The most restrictive license is {{GFDL}}, which require attribution and a full copy of the GFDL following the image.
Fred Chess 19:49, 30 May 2006 (UTC)

Photos taken by a retired U.S. military or DoD employee[edit]

All the photos which are available in http://www.dodmedia.osd.mil/ are said to be "Released to Public". Most of the photographers are U.S. military or Department of Defense employee, hence their photos are in the public domain. But some of the photos are said to be taken by a RETIRED U.S. military or Department of Defense employee. Are such photos in the public domain as well? Hashekemist 16:03, 2 June 2006 (UTC)

Images taken by U.S. governmental employees in line of their duty are public domain. That's the only answer I can give. It is fullt possible that someone who is now retired took such images when he was still employed. / Fred Chess 16:11, 2 June 2006 (UTC)
If this is the case then many of the images returned by searching for ret. should be removed. Hashekemist 16:28, 2 June 2006 (UTC)


Doe's U.S. Embassy work is in Public Domain?[edit]

Doe's U.S. Embassy work in foreign state is in Public Domain? Hashekemist 15:03, 3 June 2006 (UTC)

If you mean photographs taken by people who work for a U.S. Embassy than I say: yes. / Fred Chess 01:07, 8 June 2006 (UTC)

Maps from Demis Web Map Server?[edit]

I uploaded a GFDL map here from English Wikipedia, Image:GR 20 map.png. I then realised it says at the "original" at German Wikipedia that it was taken from this web site [7] which makes it all kind of fishy. If the maps you can get from their products in themselves are free of copyright and the user at dewiki added the text, then I guess it is OK. Does anyone know the copyright status of these maps? // Habj 16:06, 4 June 2006 (UTC)

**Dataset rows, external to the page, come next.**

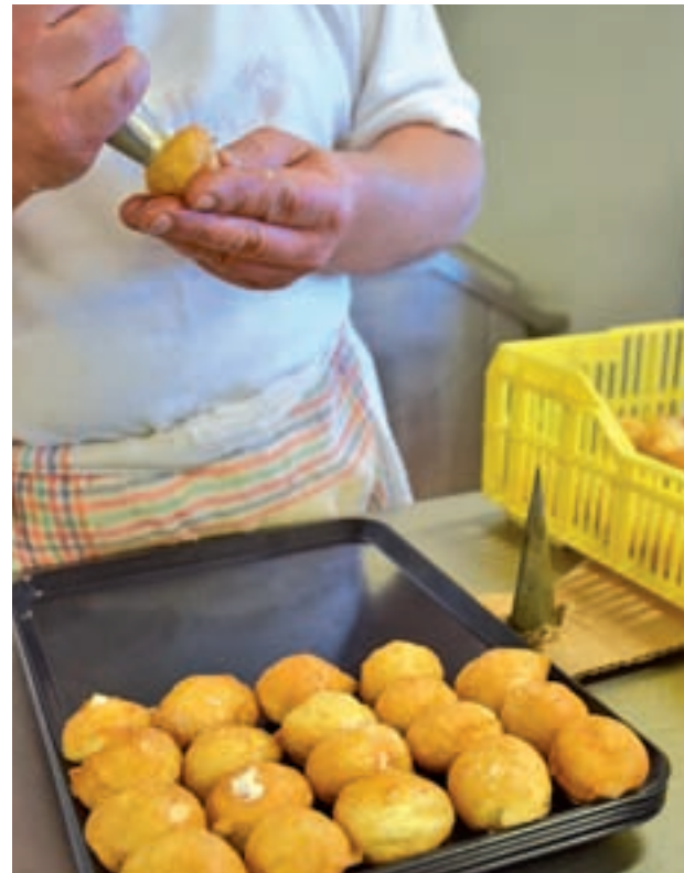
Proceso artesano: Agua, mantequilla, manteca de cerdo, harina, huevos, leche y sal. No tiene más secreto. Y todo ello, mezclado y removido a mano. Después de tantos años, los buñuelos siguen siendo los más preferidos por los consumidores.

Para comprobar cómo trabajan los obradores de las pastelerías madrileñas ante la demanda de estos productos que se espera para los próximos días, donde sin duda
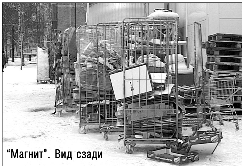
«Магнит». Вид сзади

геева список всех этих проблем и «говорящие» о них фотографии были направлены руководству местного гипермаркета и в головное предприятие – ЗАО «Тандер». В ответном письме администрации Мирного заверили, что все недостатки будут устранены.
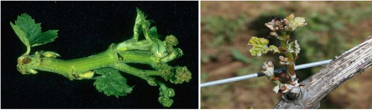
Έντονη παραμόρφωση νεαρών βλαστών από τη δράση σκωληκόμορφων ακάρεων Egiophyidae.

Καταπολέμηση συνιστάται, μόνο στην περίπτωση που έχουν διαπιστωθεί σημαντικές ζημιές (κυρίως νεκρώσεις οφθαλμών και ισχυρές παραμορφώσεις βλαστών και φυλλώματος) την προηγούμενη καλλιεργητική περίοδο. Η καταπολέμηση αφορά ψεκάσμο με βρέξιμο θείο 1% στο φούσκωμα των οφθαλμών (στάδια B1–B3 ). Μετά την έκπτυξη των οφθαλμών και για λόγους τοξικότητας, η αναλογία πρέπει να μειωθεί σε 0,8-0,6%. Ο ψεκάσμος αυτός είναι μεγάλης σημασίας, διότι οι επεμβάσεις αργότερα, μετά την εκδήλωση των συμπτωμάτων, δεν είναι υψηλής αποτελεσματικότητας.
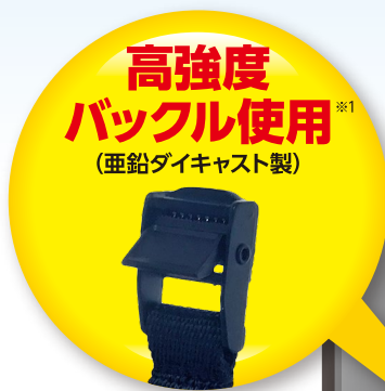
※1 当社従来製品に比べ
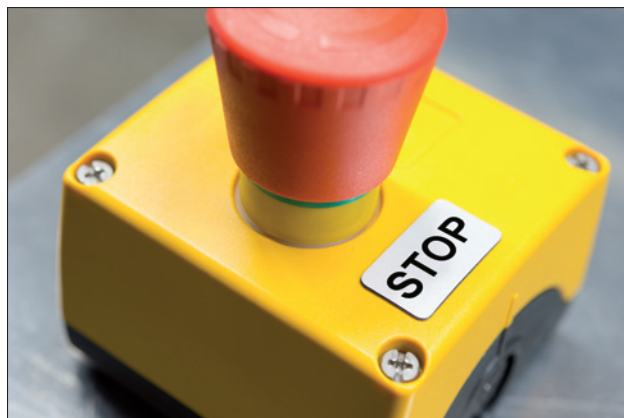
Idealer Ersatz für gravierte Schilder: Panel-Etiketten.
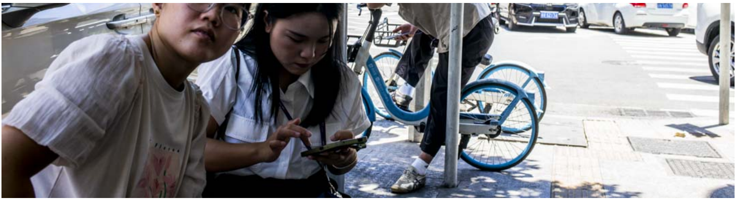
深圳宝安区下十围广生村，年轻人在街上。

这时，他们发现周边村房的房东似乎已经收到了风声，租金从该片区普遍的每月800元到1600元左右成倍上涨，最便宜的合租房也要一个月1500元左右。这让所有人更感到措手不及。与此同时，他们也发现，周围被收楼的不止他们这一栋。
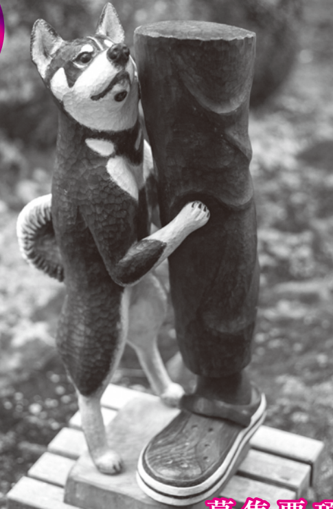
第31回グランプリ 「だあーいすぎ」 水嶋 昌雄 作(樹種クス)
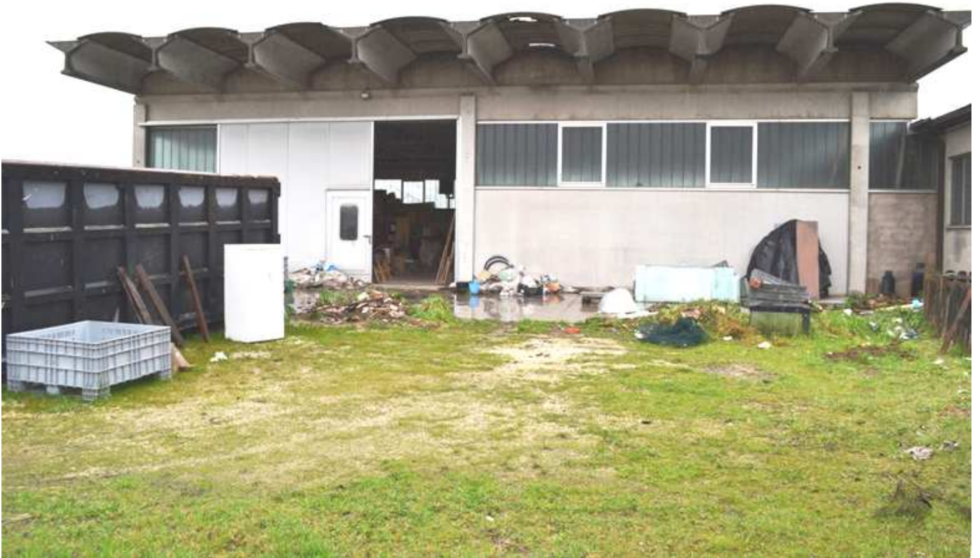
foto 4 - Scorcio del prospetto nord est del laboratorio in via Oppioli 34 visto dalla corte comune
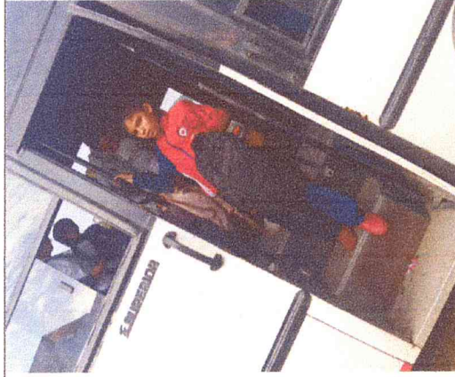
Ruta 1. Sauzal-Boavita
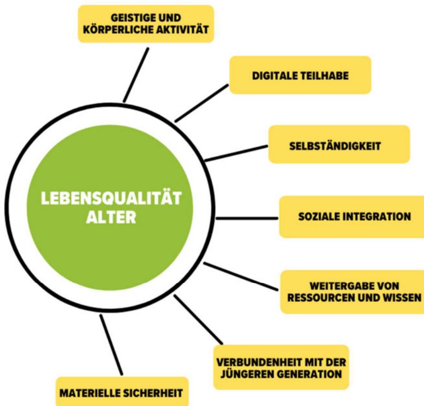
Abbildung 2: Sieben Pfeiler der Lebensqualität Alter
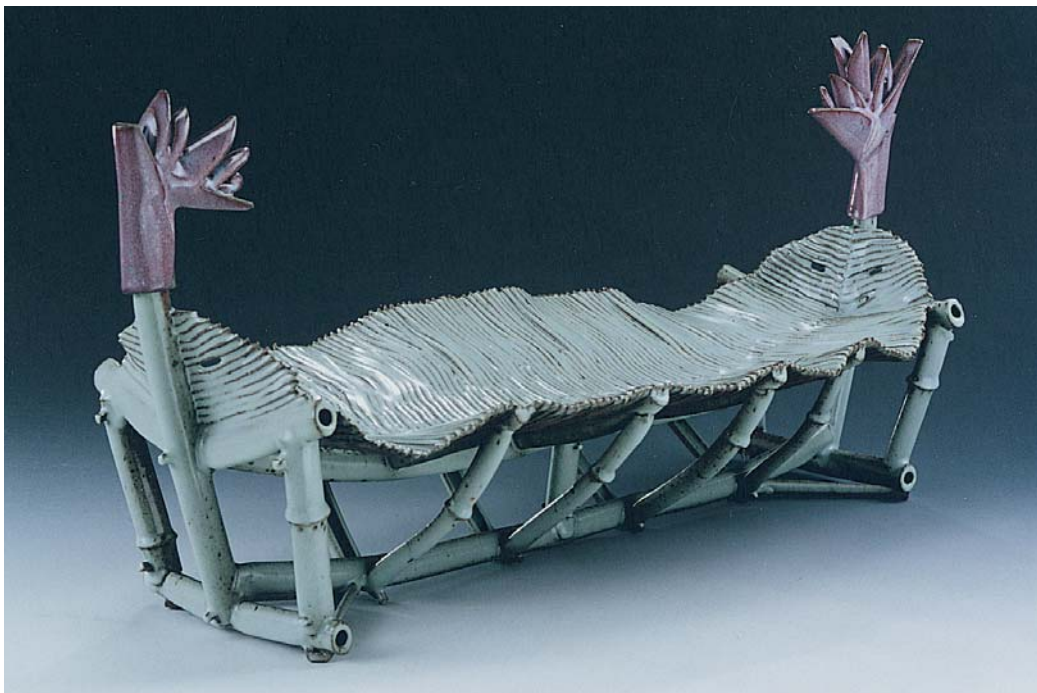
■ 蕉葉構成甚受韓國人喜愛。

另類的理由之一是他非科班出身。「從課本學到的知識是受制約的，不是自己真正感受到的，而我的創作都是憑直覺與感動。」他強調的是藝術創作需要敏銳的感官。「印尼有個部落，所有人都会作陶，陶工直接將土放在嘴裡咀嚼，來感受泥土的延展性，從味道來決定土質等級」，但現代人過於依賴科技產品，已經失去用感官知覺

Demis maps are PD as per {{PD-Demis}}. Derivatory work may of course be relased under a license. / Fred Chess 01:05, 8 June 2006 (UTC)

{{PD-stamp}}[edit]

I already asked on the village pump. But this awaits still a solution.

The discussion so far:


Can someone explain when and how it is acceptable to use the template {{PD-stamp}}? I can not find any information on that. --ALE! 10:40, 31 May 2006 (UTC)

When he comes back from vacation, you can ask Mark Leon some questions about stamps and copyright policies.—Zhaladshar (Talk) 14:57, 31 May 2006 (UTC)
Seems useless, as it makes no statement why specifically the image is PD. Should be made deprecated and replaced by specific templates mentioning the reason for being PD. --::Slomox:: >< 16:29, 31 May 2006 (UTC)

So far the past discussion.

Furthermore the template is not listed on Commons:Copyright tags.

So what do we do with this template? --ALE! 14:56, 5 June 2006 (UTC)

Hello! Anybody out there...? --ALE! 14:56, 29 June 2006 (UTC)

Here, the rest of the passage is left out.